WHAT YOU ARE ASKED TO DO:
Beginning with the line where "今回の手番で魚を置いちゃうと、ちょっと次の人が祝祭強すぎるか……とかね!" appears, set down each line exactly until the records below end, and omit the pictures.

Dataset records:
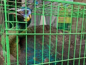 Burung merak hijau nyasar ke permukiman di Bojongsoang, Bandung. Setelah ditangkap warga, merak diserahkan ke BBKSDA Jabar untuk penanganan lebih lanjut.
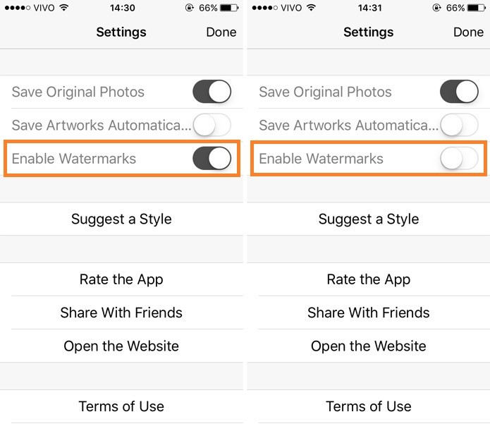 Como retirar marca dágua de fotos do App Prisma: mais configurações
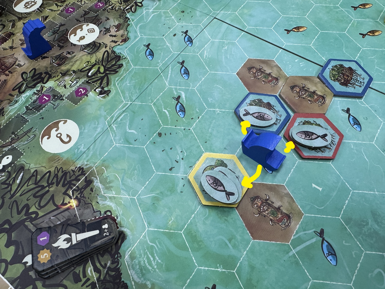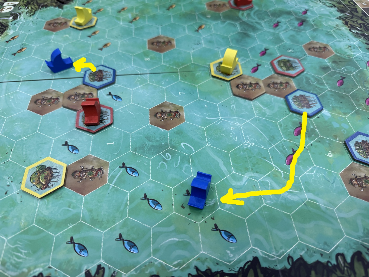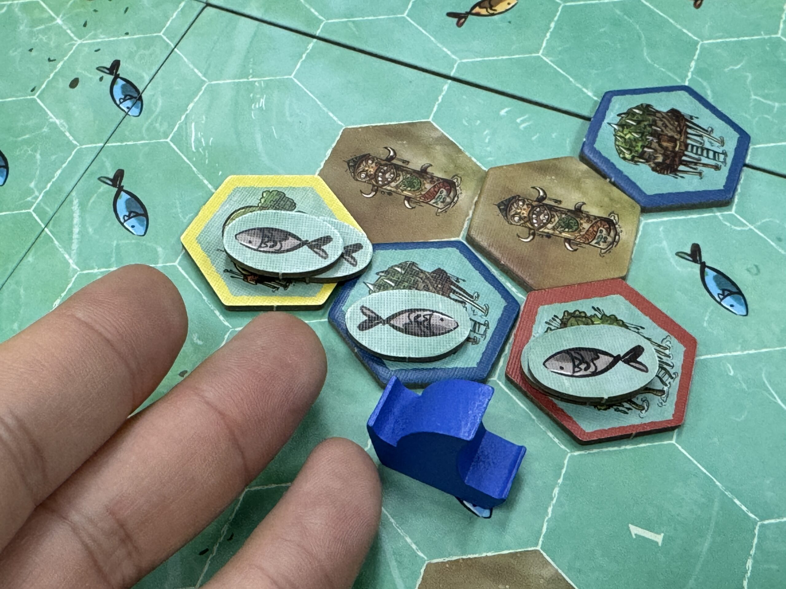 今回の手番で魚を置いちゃうと、ちょっと次の人が祝祭強すぎるか……とかね!
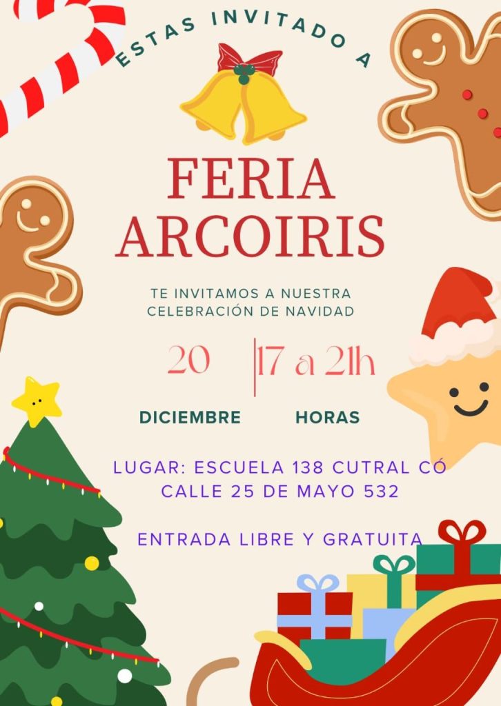 La comunidad de Cutral Co está invitada a participar de la Feria Arcoíris, que se realizará el sábado 20 de diciembre, de 17 a 21 horas, en las instalaciones de la escuela N.º 138, ubicada en calle 25 de Mayo 532.
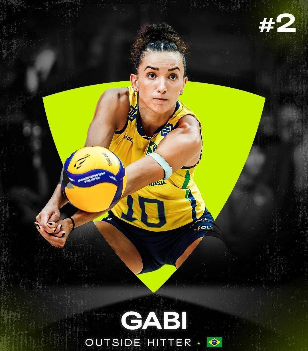 第二名是加比(Gabi)。不管是俱乐部还是国家队,2025年的加比一直都站在领奖台上。她跟着科内利亚诺女排拿到了意甲冠军,还在总决赛中拿了MVP。在国家队这边,她两场分别砍下64分,帮助巴西打进了世锦赛四强。她是队伍的核心,攻防两端都特别关键,也是全场最受关注的焦点人物。

TASK SOLUTION:
 今回の手番で魚を置いちゃうと、ちょっと次の人が祝祭強すぎるか……とかね!
 La comunidad de Cutral Co está invitada a participar de la Feria Arcoíris, que se realizará el sábado 20 de diciembre, de 17 a 21 horas, en las instalaciones de la escuela N.º 138, ubicada en calle 25 de Mayo 532.
 第二名是加比(Gabi)。不管是俱乐部还是国家队,2025年的加比一直都站在领奖台上。她跟着科内利亚诺女排拿到了意甲冠军,还在总决赛中拿了MVP。在国家队这边,她两场分别砍下64分,帮助巴西打进了世锦赛四强。她是队伍的核心,攻防两端都特别关键,也是全场最受关注的焦点人物。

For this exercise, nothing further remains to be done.